- **TASK REQUIREMENTS**:
Pictures aside, the data must be reproduced exactly.

- **INPUT DATA**:
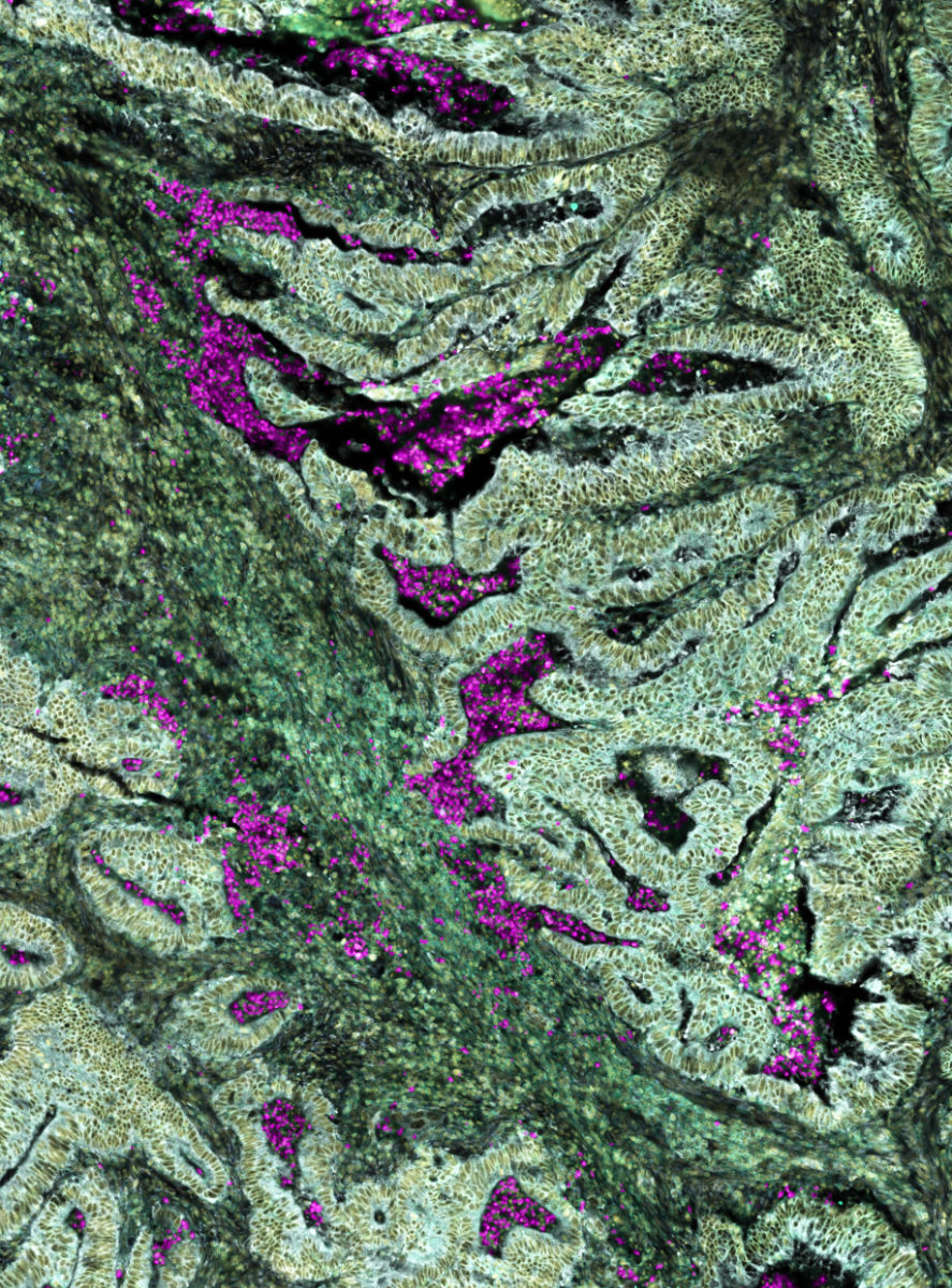 Die Visualisierung von Darmkrebs mittels Spatial Transcriptomics (10X Genomics Xenium Plattform) zeigt eine komplexe Gewebearchitektur mit funktionellen zellulären Nischen, in welchen sich Neutrophile (pink) anhäufen. Foto: Alexander Kirchmair
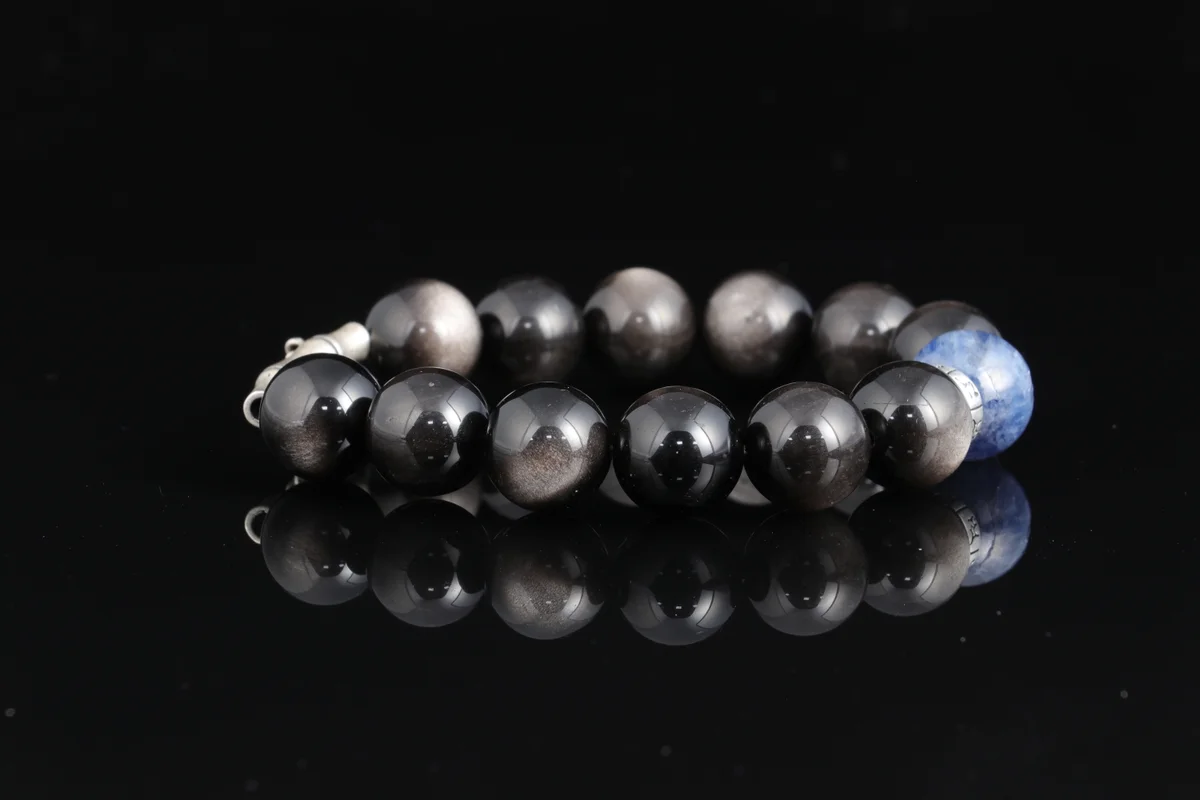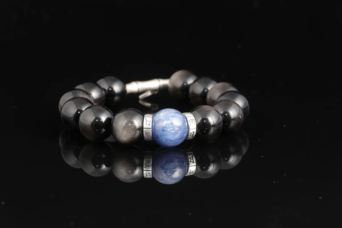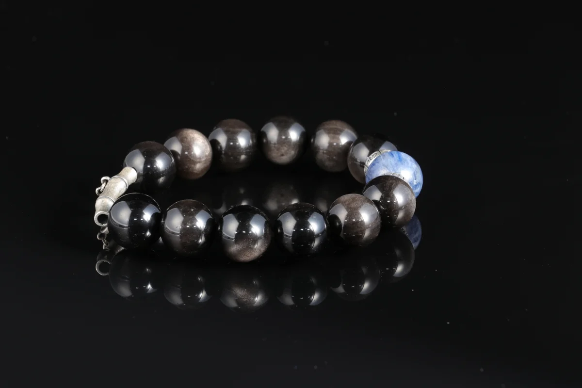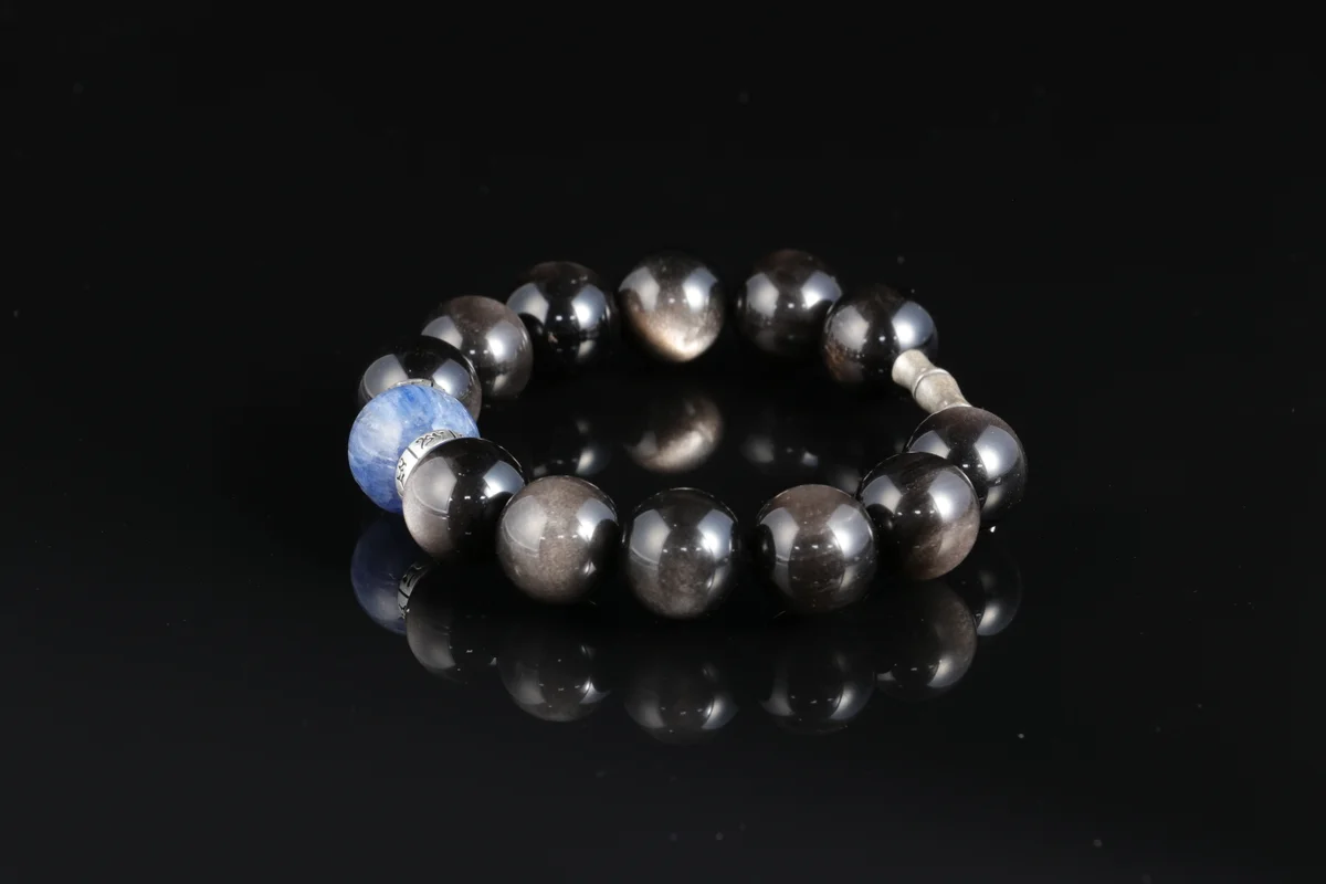 Natural Silver Sheen Obsidian Aquamarine Bracelet, Customized for Birthdate, Wealth-Attracting and Evil-Warding Energy Crystal Bracelet for Gift or Personal Use
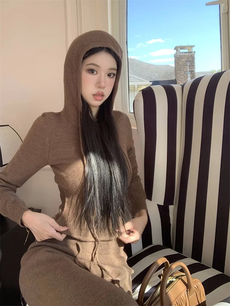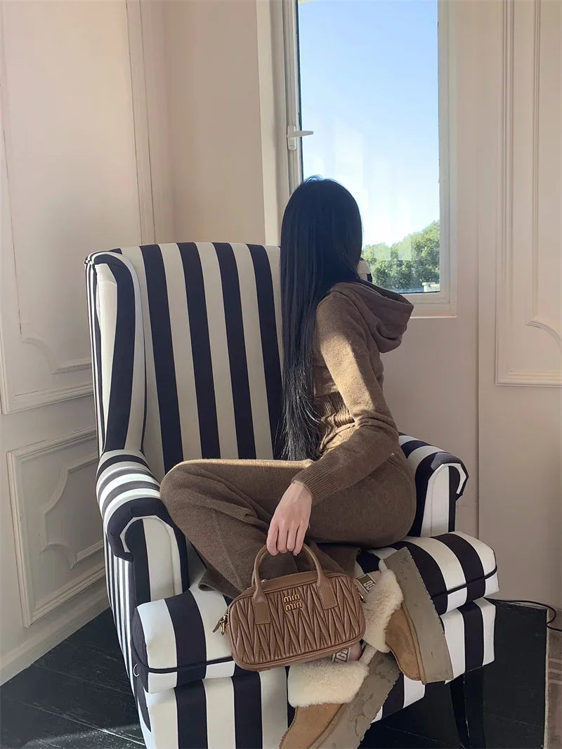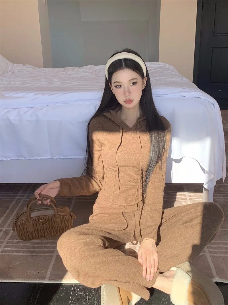 Wool Suit Woman Hooded Pullover Autumn Winter Knitted Two-pieces High Waist Trousers Fashion Solid Color ...

- **TASK RESULT**:
 Die Visualisierung von Darmkrebs mittels Spatial Transcriptomics (10X Genomics Xenium Plattform) zeigt eine komplexe Gewebearchitektur mit funktionellen zellulären Nischen, in welchen sich Neutrophile (pink) anhäufen. Foto: Alexander Kirchmair
 Natural Silver Sheen Obsidian Aquamarine Bracelet, Customized for Birthdate, Wealth-Attracting and Evil-Warding Energy Crystal Bracelet for Gift or Personal Use
 Wool Suit Woman Hooded Pullover Autumn Winter Knitted Two-pieces High Waist Trousers Fashion Solid Color ...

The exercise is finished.